The scheme provides for:  

(i) The submission of nominations of women by both Governments and Non-Governmental Organisations (NGO’s) to the Secretary-General of the Caribbean Community.
(ii) The setting up of a Regional Selection Committee comprising representatives of selected Member States in rotation
(iii) The determination of a winner, utilizing appropriate guidelines
(iv) The announcement of the Award to the Caribbean public by the Secretary-General on International Women’s Day and
(v) The presentation of the Award at the Meeting of Ministers with responsibility for the Integration of Women in Development.  
Initially, the selection of awardees was determined by the expertise of the candidate which was of direct regional significance. Much weighting was accorded to the regional contribution of the nominees vis-à-vis their national or international contributions.
The basis for selecting recipients on account of regional contributions became a matter for consideration at a Meeting of CARICOM Ministers attending a Policy Roundtable on Gender and Development in October 2001. The Meeting reviewed the conferment of the Award and the selection criteria employed and recommended that alongside regional contributions, selection should allow for consideration of “regional impact of national level service.”
The work of women at the national level which impact positively on other countries is now considered along with their direct regional contributions. Less significance is accorded to academic qualifications in determining the women to be honoured.
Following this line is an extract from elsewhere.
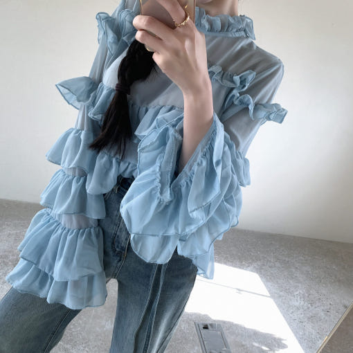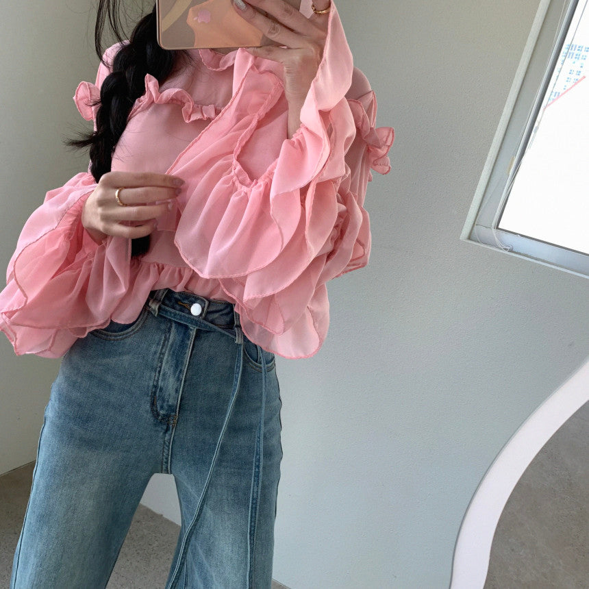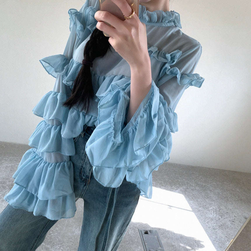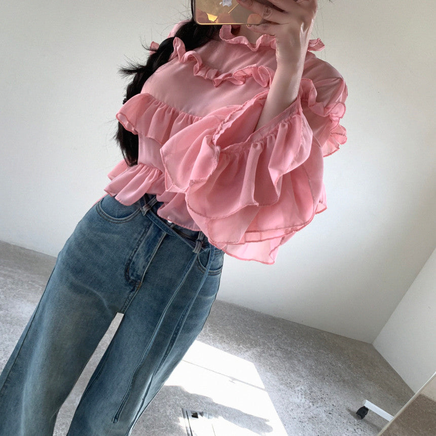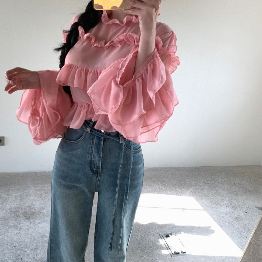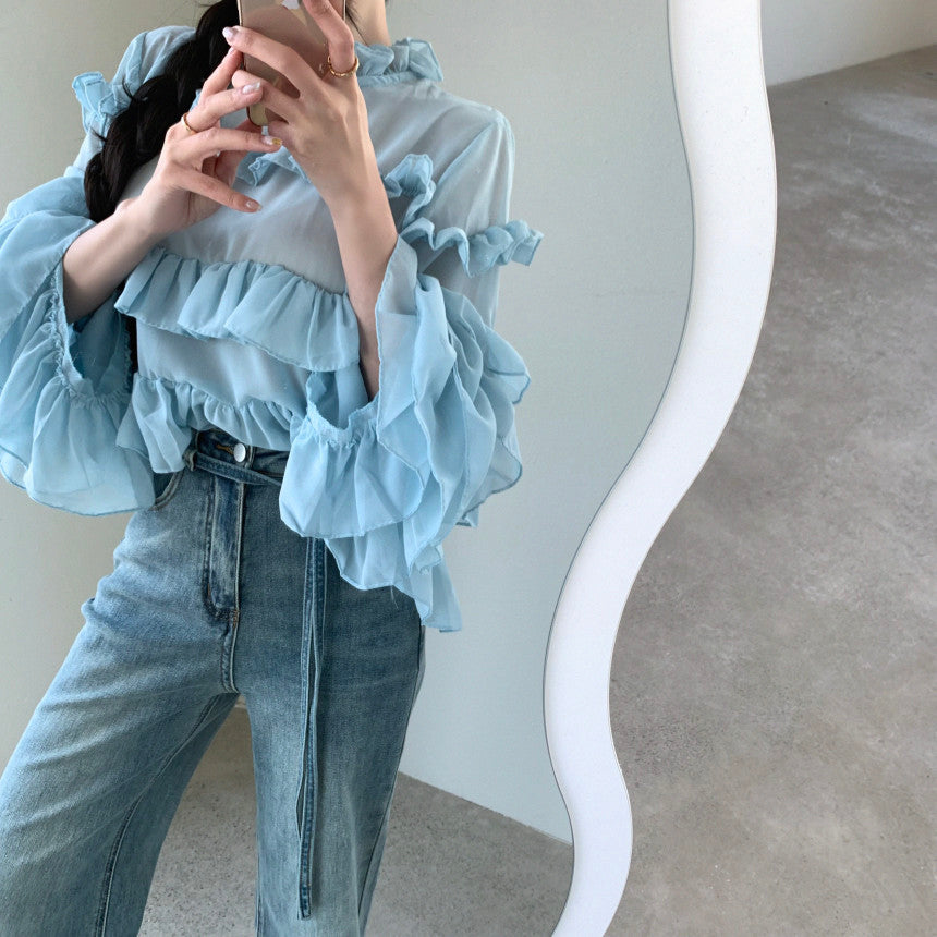 【F60350】韓國春夏輕熟浪漫大荷葉設計款立領襯衫250408

CARICOM has agreed that the content to the Award be improved to include the CARICOM passport (for past and future recipients) to facilitate travel in the Region.  
Since the introduction of the Triennial Award in 1983 several highly esteemed and outstanding women of the Caribbean have been bestowed the honour of the Award for their dedication and determination in broadening the parameters of existence for women and improving their economic, social, political, cultural and legal status.

In 1984, Ms. Nesta Patrick, national of Trinidad and Tobago; 1987, The late, Her Excellency, Dame Nita Barrow, national of Barbados; 1990, Dr. Peggy Antrobus, national of Grenada and Citizen of St. Vincent and the Grenadines; 1993, Ms. Magda Pollard, national of Guyana; 1996, Dr. Lucille Mair, national of Jamaica; 1999, Professor Joycelin Massiah, national of Guyana and Citizen of Barbados; 2002, Professor Rhoda Reddock, national of Trinidad and Tobago; in 2005 Justice Desiree Bernard, national of Guyana; 2008, Professor Barbara Evelyn Bailey, national of Jamaica; 2011, Professor V. Eudine Barriteau national of and Citizen of Barbados, Ms. Marion Bethel of the Commonwealth of The Bahamas (2014), Ms. Shirley Pryce of Jamaica (2017)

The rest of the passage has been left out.